Workout #2 Chest/Calves/Bis	
flat bench	3x8-10
Dips	             3x8-10
Incline bench	2x8-10
Machine calf raise	4x8-10
Barbell curls	3x8-10
Hammer curls	2x8-10

Workout #3 Hams/Shoulders	
Stiff deadlifts	3x8-10
leg curls	             2x8-10
Seated DB press	3x8-10
Upright row	2x8-10
Lateral raises	1x8-10

Workout #4 Back/Tris	
Chins	            3x8-10
Deadlifts	            3x8-10
DB row	            2x8-10
CG bench	            3x8-10
Skull crushers	2x8-10

My advice to Sean though is don't bother with this for 4-6 weeks or so, stick to the more basic routine.


----------



## BaNaNaS (Nov 18, 2004)

Thanks karl, i'm going to do the current 3 day split. Then in two weeks switch to this. Or would it be best just to do this right away?


----------



## KarlW (Nov 18, 2004)

> Originally Posted by *BaNaNaS*
> 
> Oh did you want us to decrease weight on each set? Or increase? ex 25 - 30 - 35, or 35 - 30 - 25.



It's about staying in the rep range, and getting failure (or almost) in that rep range. So the weight may go up OR down depending on how you go in each set.

Rule 1. Warm up adequately: this is almost like pyramiding up the weight except that you DO NOT go near failure. 

Rule 2. 1st working set dependent on what you did last time (or a good guess if it's your first)

Rule 3. Subsequent sets dependent on previous set.

eg Say you're doing deadlifts. Last week you did 200 x 9, 200 x 7, 200 x 5

ie you didn't adjust the weights so you dropped out of the rep range (8-10) on the 2nd and 3rd set. So this week you'd have your warm up sets - maybe 45 x 10, 95 x 8, 135 x 5, 175 x 3. Then your 1st working set would be 200 and say you get 10 so you go for 200 again and you get 7, now you know you have to peel off some weight (maybe down to 175) and you get 8. Next week you can start 1st working set on maybe 205 or 210.


----------



## KarlW (Nov 18, 2004)

> Originally Posted by *BaNaNaS*
> 
> _Thanks karl, i'm going to do the current 3 day split. Then in two weeks switch to this. Or would it be best just to do this right away?_



I'd stay on the first one (maybe for 3-4 weeks) then rest 3-4 days before going onto the 2nd one.


----------



## BaNaNaS (Nov 18, 2004)

Sounds good!


----------



## CowPimp (Nov 19, 2004)

KarlW said:
			
		

> Upright rows, if done correctly DO take some getting use to AND are not supposed to be done with massive amounts of weight.
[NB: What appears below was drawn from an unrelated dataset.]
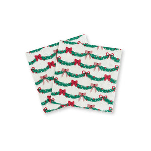 Add a sprinkle of holiday magic to your drink station with our Ribbons & Cheer Christmas Garland Bow Beverage Napkins. These 5" x 5" 3-ply cocktail napkins feature a playful design of colorful bows in red, green, turquoise, and brown, accented with sweet gingerbread-inspired details for a whimsical, festive feel.

What you say is good, means you're taking it nice and slow. When you achieve the upper limit of the rep range for a set (like 10 in the case of 3 x 8-10) before failure then you need to increase the weight. By how much? only you will know through experience.



I like to take my upright rows pretty heavy and do them fairly rhythmically.  To each his own.


----------



## Randy (Nov 19, 2004)

KarlW said:
			
		

> Yeah, I started my post before I read yours and took a phone call in the middle of it. LOL


That's ok, it happens


----------



## KarlW (Nov 19, 2004)

Cowpimp what do you mean by rythmically? Do you mean quick?


----------



## Mudge (Nov 19, 2004)

That can be quick or slow or in the middle, it means with a pattern that is continual and unchanging.

I do higher reps for shrugs, 12-15 reps, once in awhile I might hit 20.


----------



## Randy (Nov 19, 2004)

He means with Rhythm 

I do the same thing with my shrugs.  I rotate in a smooth rotation at a specific rhythm.


----------



## Randy (Nov 19, 2004)

Mudge said:
			
		

> That can be quick or slow or in the middle, it means with a pattern that is continual and unchanging.
> 
> I do higher reps for shrugs, 12-15 reps, once in awhile I might hit 20.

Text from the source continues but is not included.